At this juncture Appellees have failed to offset Dr. Buridi’s description of his claims. They have not shown that overturning the reorganization plans would functionally impact anything beyond the re-allocation of money among insiders or parties in interest. KMCREI argues that any redistribution of its post-confirmation equity “inequitably decreases the value of the Exit Investor’s investment and exposes creditors of both KMC and KMCREI to an increased risk of post-confirmation defaults.” Dkt. 19 at 3. However, KMCREI does not explain why this is the case or provide any evidentiary support for its argument. In a similarly perfunctory fashion, KMC argues only that the presence and scope of the injunction was a material element of the Exit Investor’s commitment to fund consummation of the KMC Plan, and thus, that any modification of the injunction could jeopardize the Exit Investor’s continued commitment to rehabilitation of the hospital. In the final analysis, it is not clear from the record before us that such eventualities are likely to occur and we cannot rely solely on Appellees’ conclusory predictions or opinions in dismissing Dr. Buridi’s claims. The relief sought by Dr. Buridi would not, by all appearances, threaten to undo transactions involving innocent third parties that have already occurred nor would it otherwise undermine the foundation of either reorganization plan. Accordingly, Appellees’ motions to dismiss are DENIED.2

IT IS SO ORDERED.

. Dr. Buridi does not seek to avoid payments already made to administrative claims or toward the purchase of new equipment. Nor is he contesting the validity of any payments to innocent third parties or seeking to affect the management agreement with Galichia Hospital Group.
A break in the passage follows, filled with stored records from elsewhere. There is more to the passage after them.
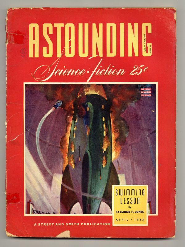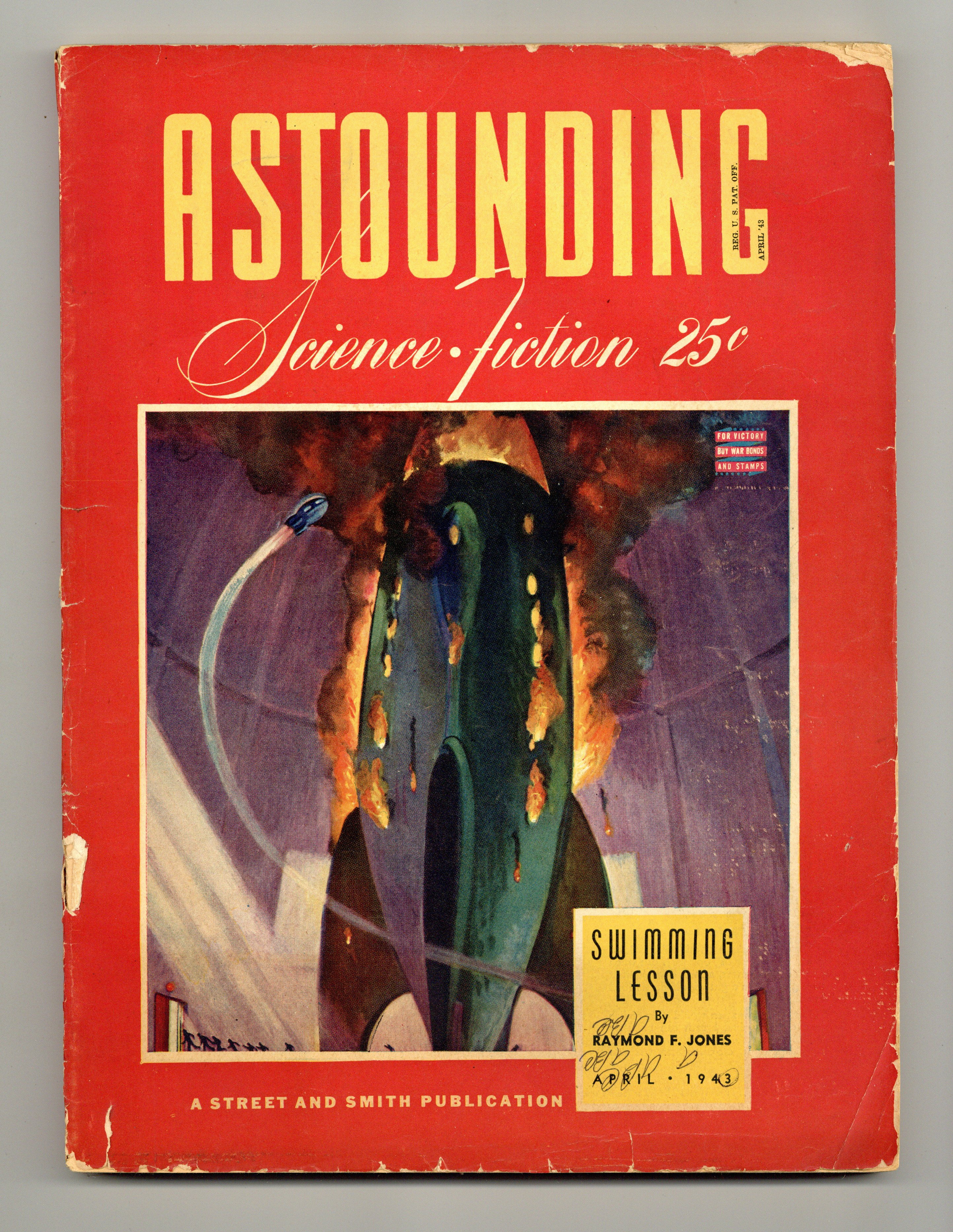 April, 1943. Volume 31, Issue 2. Last bedsheet format (returns to trimmed pulp next issue). Cover by William Timmins. "Swimming Lesson" by Raymond F. Jones and "The Weapon Makers" part 3 of 3 by Frank Kramer. Other science fiction stories by Henry Kuttner, C. L. Moore (as Lewis Padgett), Joseph Gilbert, Fred W. Fischer, A. E. van Vogt, E. Mayne Hull, & Nelson S. Bond. Interior illustrations by Paul Orban, Elton Fax, M. Isip, and Frank Kramer. Bedsheet format, 8.5-in. x 11.5-in.; black and white; 130 newsprint pages. Cover price $0.25.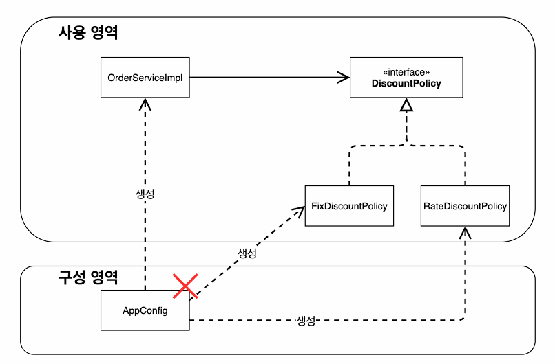 - 또한, 기존의 FixDiscountPolicy에서 할인 정책을 변경하기 위해 새로운 구현체인 RateDiscountPolicy를 넣어주는 것으로 코드를 변경함으로써 OCP도 위반하게 됨.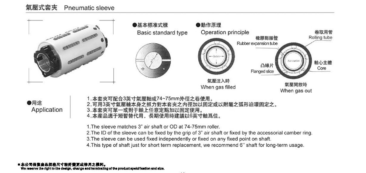 氣壓式套夾廣泛應用于包裝薄膜行業,而且氣脹套的主要規格尺寸是3英寸轉6英寸氣脹套,所以說氣脹套都是結合氣脹軸一起使用的。在氣脹套的結構種類來分的話,有鍵式氣脹套;板式氣脹套;橡膠氣脹套等。它廣泛應用于包裝印刷行業等,深受廣大朋友的認可與喜愛。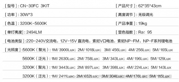 南光 南冠 NANGUANG CN-30FC套装 双色温 三灯套装 新闻采访纪实 面部高亮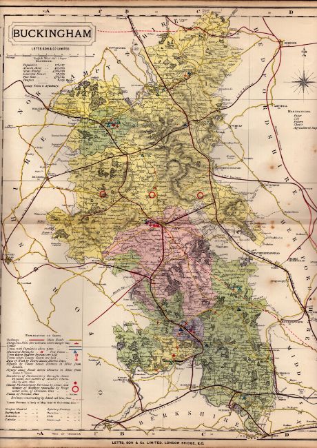 County of Buckinghamshire Large Victorian Letts 1884 Antique Coloured Map.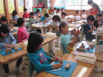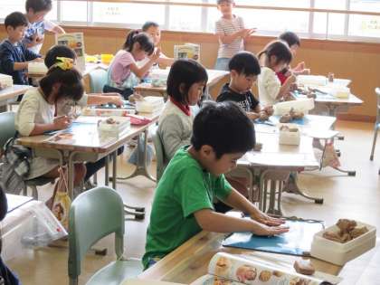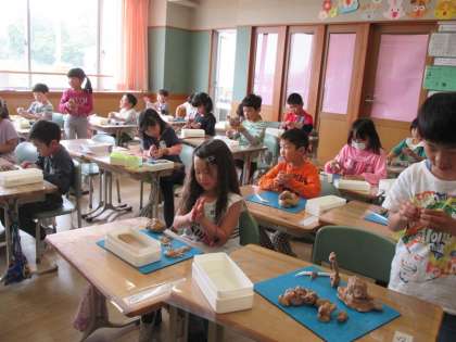 今日は、図工の時間に粘土で自分の好きなものをいっぱい作りました。大きな粘土の塊からひねり出して、恐竜を作る子、小さく丸めた塊からハンバーガーを作り出す子など、思い思いに粘土遊びを楽しみました。図工の学習の2時間があっという間に過ぎ去りました。さて、いよいよ明後日は、運動会です。ダンスも素敵に仕上がってきました。子供たちが元気に参加できるよう、御家庭での体調管理もよろしくお願いします。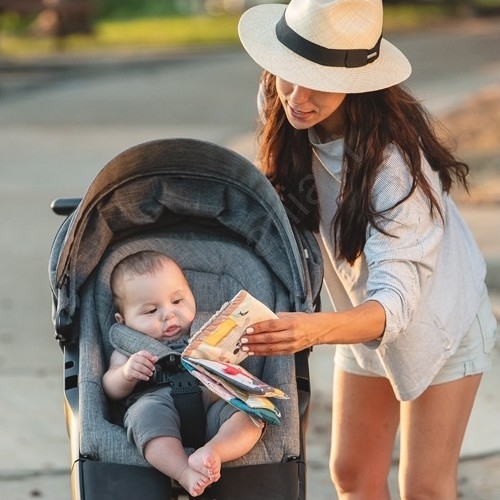 • Yksittäiset sivut kahisevat kevyesti, kun niitä puristetaan, ja tarjoavat erilaisia toimintoja ja kuvioita, joita vauva voi tutkia.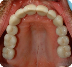 Traditionally implants are placed in the jaw after complete bone healing following extraction of the tooth or teeth. An incision is made in the gum tissue and the implant site is prepared to receive the implant. The implant is placed very carefully according to a predetermined restorative plan. This is very important. The implant must be placed to best support the tooth or prosthesis in a healthy bite. The incision is closed with sutures and allowed to heal for a period of 2-6 months (depending on the case). After appropriate healing, the implant cover is gently exposed and a component called a healing abutment is connected. The healing abutment is a transitional component that is only worn during the period following implant exposure and before prosthesis delivery. This is usually 2-4 weeks. An impression is made during this time and the final abutment and crown is fabricated at the lab. Single crowns and short span bridges (or FPDs) made to fit on implants are very similar to crowns and bridges made to fit on natural teeth. The final abutment which connects the crown to the implant is a custom component which is contoured specifically for each individual case to optimize soft tissue health, esthetics and stability. The abutment may be cast from a high noble, hypoallergenic alloy or milled from titanium or zirconia.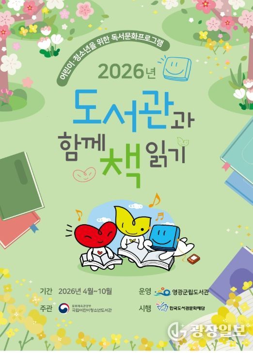 광장일보 주재영 기자 | 영광군은 국립어린이청소년도서관이 주관하는 '2026년 도서관과 함께 책 읽기' 공모사업에 2년 연속 선정됐다고 밝혔다.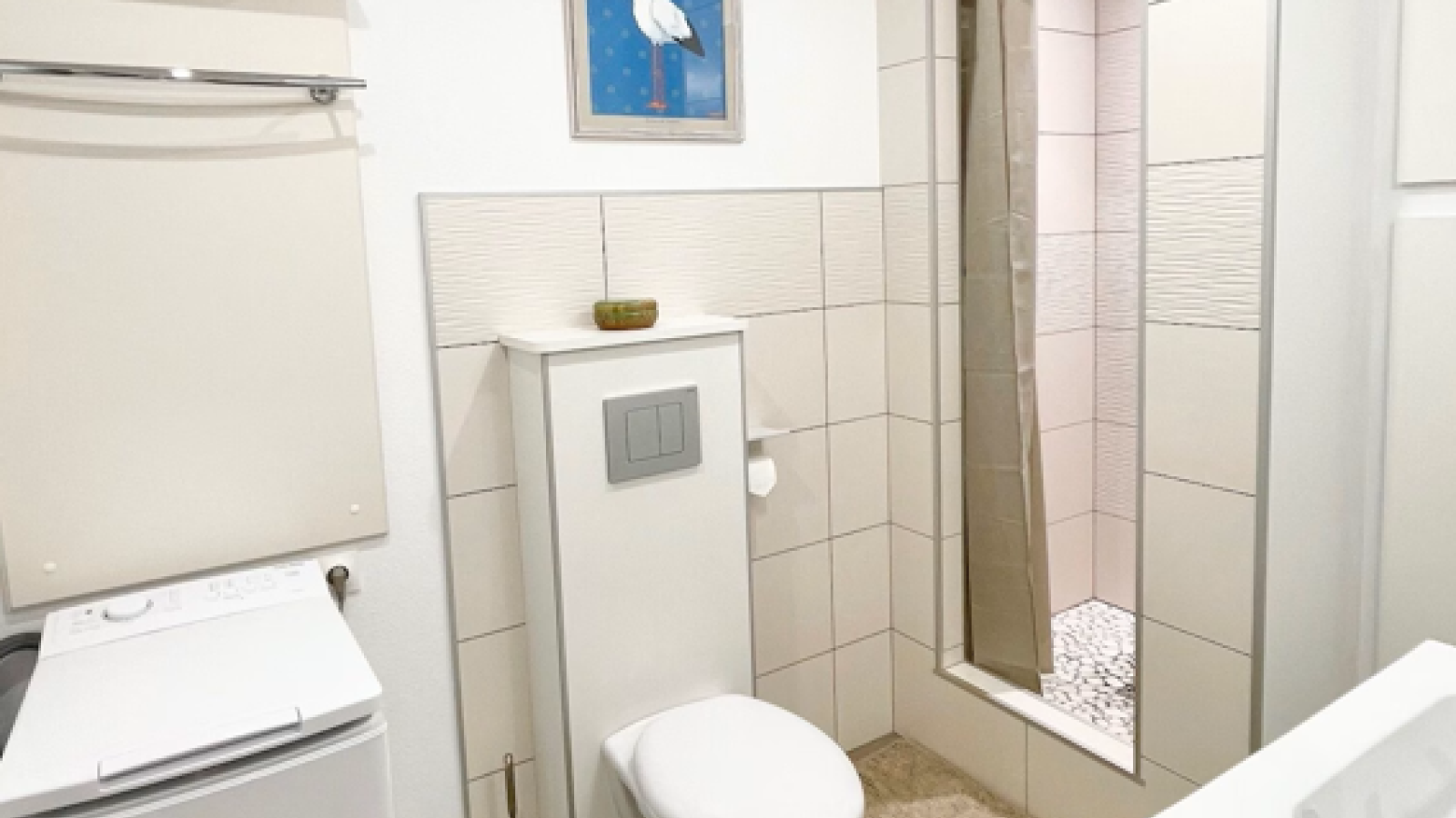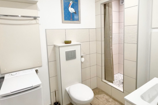 Nb de salle de bain (privative) avec douche : 1 Nb de WC séparés (privatifs) : 1 Nb de WC dans la salle de bains : 1
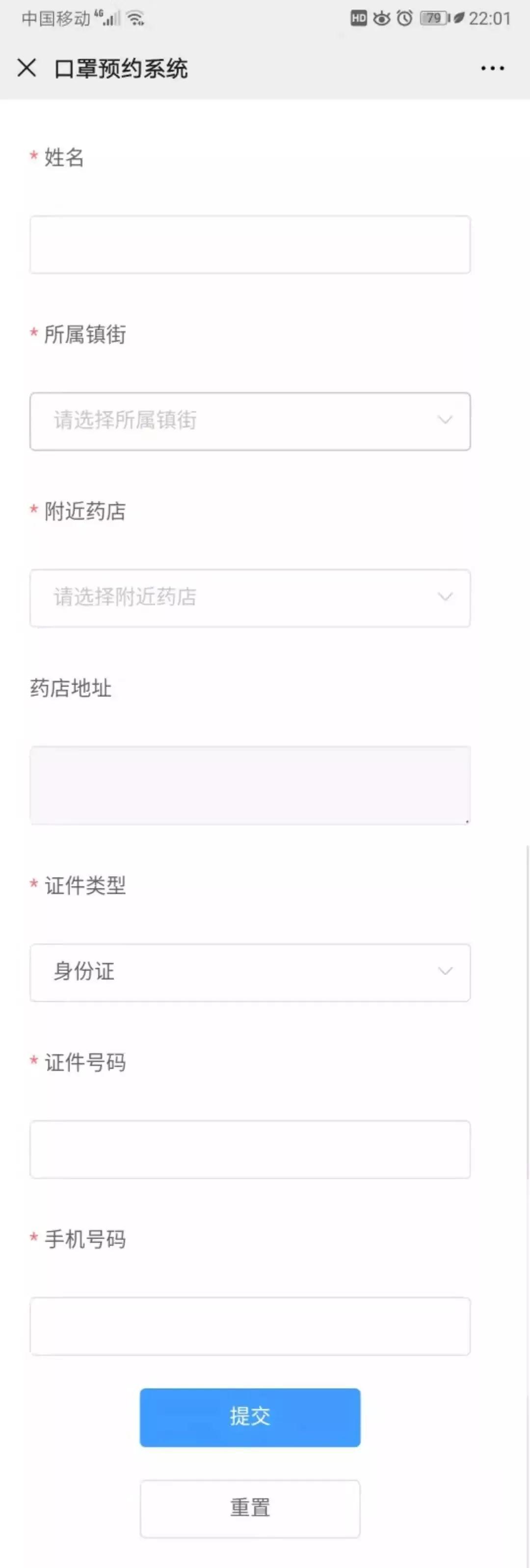 2.点击“口罩预约”栏目进入登记页面,如实填写姓名、身份证号码和手机号码等信息,并选择就近的东莞国药门店;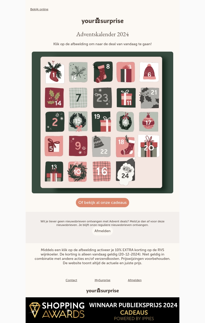Vandaag is het de 20e dag van de Adventskalender bij Your Surprise! Ontvang een unieke persoonlijke gravure op een prachtig cadeau. Mis deze exclusieve aanbieding niet. Klik op de afbeelding om de deal van vandaag te activeren. Geniet van de feestelijke sfeer met onze speciale kerstdeals. Meld je aan voor onze nieuwsbrief en blijf op de hoogte.

. This ruling clearly has no bearing on the merits of Dr. Buridi’s appeal. We do note, however, that while the exact contours of the relief Dr. Buridi seeks are not yet clear, we have some reservations given that at least part of what he is apparently seeking is a ruling on the propriety of equitable distributions that have not yet occurred (and may never occur). We trust that these issues will be fully developed in the parties’ briefing on the underlying appeal, but we remind Dr. Buridi that the Court does not render advisory opinions.